Ideen zum Pegging erhalten
„Pegging ist eine schwule Praxis.“ Falsch. Die Mehrheit der Praktizierenden sind heterosexuelle Paare. Prostatastimulation ist eine männliche anatomische Tatsache, die nichts mit der sexuellen Orientierung zu tun hat.
„Es tut definitiv weh.“ Falsch, wenn die Vorbereitung richtig ist. Reichlich Gleitmittel, mittelgroßer Dildo, Entspannung, Kommunikation: Unter diesen vier Bedingungen besteht kein Grund für Schmerzen.
„Es macht dich im Leben passiv.“ Keine ernsthafte Studie unterstützt diese Idee. Geschlechterrollen bestimmen nicht die tägliche Persönlichkeit.
„Man muss besonders flexibel sein.“ Falsch. Die für Anfänger empfohlenen Positionen sind für jeden gesunden Körper ohne besondere Flexibilität zugänglich.
„Es zerstört die Männlichkeit.“ Frage der Darstellungen. Viele Männer, die Pegging praktizieren, berichten im Gegenteil von einer besser erlebten Männlichkeit, weil sie freier ist und weniger durch starre Rollen eingeschränkt wird.
Häufig gestellte Fragen zum Pegging
Was bedeutet Pegging genau? Unter Pegging versteht man die anale Penetration eines Mannes durch seine Partnerin mit einem Umschnalldildo. Französisches Synonym: Pegging.
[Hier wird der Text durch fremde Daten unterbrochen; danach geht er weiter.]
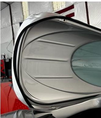
Extra NG Models Canopy Cover (SOLAR CAP EXAMPLE)

Ist das erste Mal schmerzhaft? Nicht, wenn die Vorbereitung stimmt: reichlich Gleitmittel, kleiner Dildo, Entspannung, Kommunikation, zunächst sehr langsame Stöße. Während des Einführens kann es zu vorübergehenden Beschwerden kommen, echte Schmerzen sind jedoch ein Signal, damit aufzuhören.
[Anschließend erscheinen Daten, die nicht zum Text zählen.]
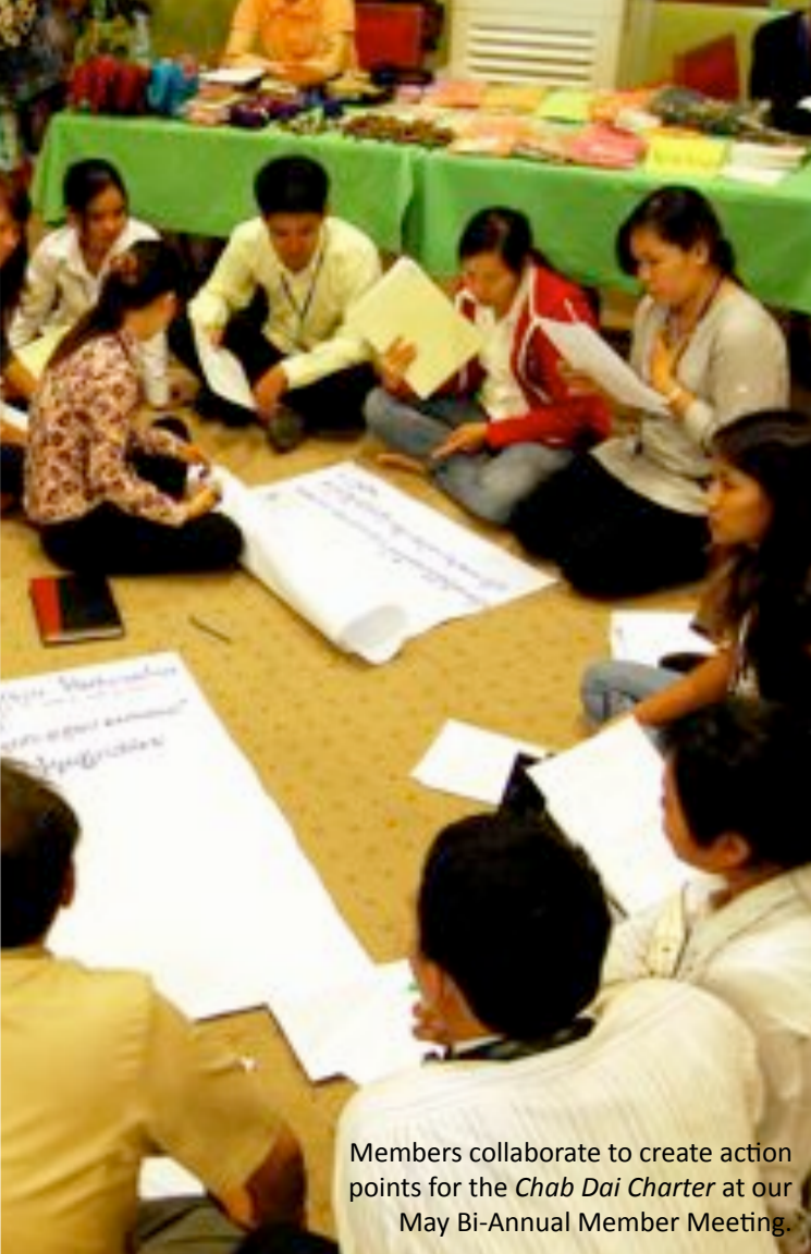
Members collaborate to create action points for the Chab Dai Charter at our May Bi-Annual Member Meeting.

'It's sustainable for Chab Dai to PARTICIPATE with the government in order to protect children in Cambodia... we can DO MORE TOGETHER!'

Wie oft sollte man Pegging üben? Es gibt keine Regeln. Manche Paare üben einmal im Monat, andere öfter, wieder andere gelegentlich. Der gemeinsame Wunsch ist das einzige Kriterium.
Wie reinige ich das Gerät nach Gebrauch? Lauwarmes Wasser, milde Seife oder spezieller Spielzeugreiniger, vollständig trocknen. Bei Silikondildos ist eine Reinigung mit kochendem Wasser möglich, wenn sie zu 100 Prozent aus Silikon bestehen und kein elektrisches Teil haben. Bei Ledergeschirren nur ein feuchtes Tuch verwenden.
Sollten Sie mit Ihren Freunden darüber sprechen? Dies betrifft Ihre Intimität als Paar. Manche reden gerne offen darüber, andere halten es lieber unter Partnern. Keine Verpflichtung auf die eine oder andere Weise.
Ist Pegging mit gesundheitlichen Risiken verbunden? Wenn Pegging mit sauberer, körperverträglicher Ausrüstung, geeignetem Gleitmittel und in entspannter Form praktiziert wird, stellt Pegging über die üblichen Vorsichtsmaßnahmen beim Analverkehr hinaus kein besonderes Risiko dar. Wie bei jeder Praxis sind Hygiene und Fortschrittlichkeit unerlässlich.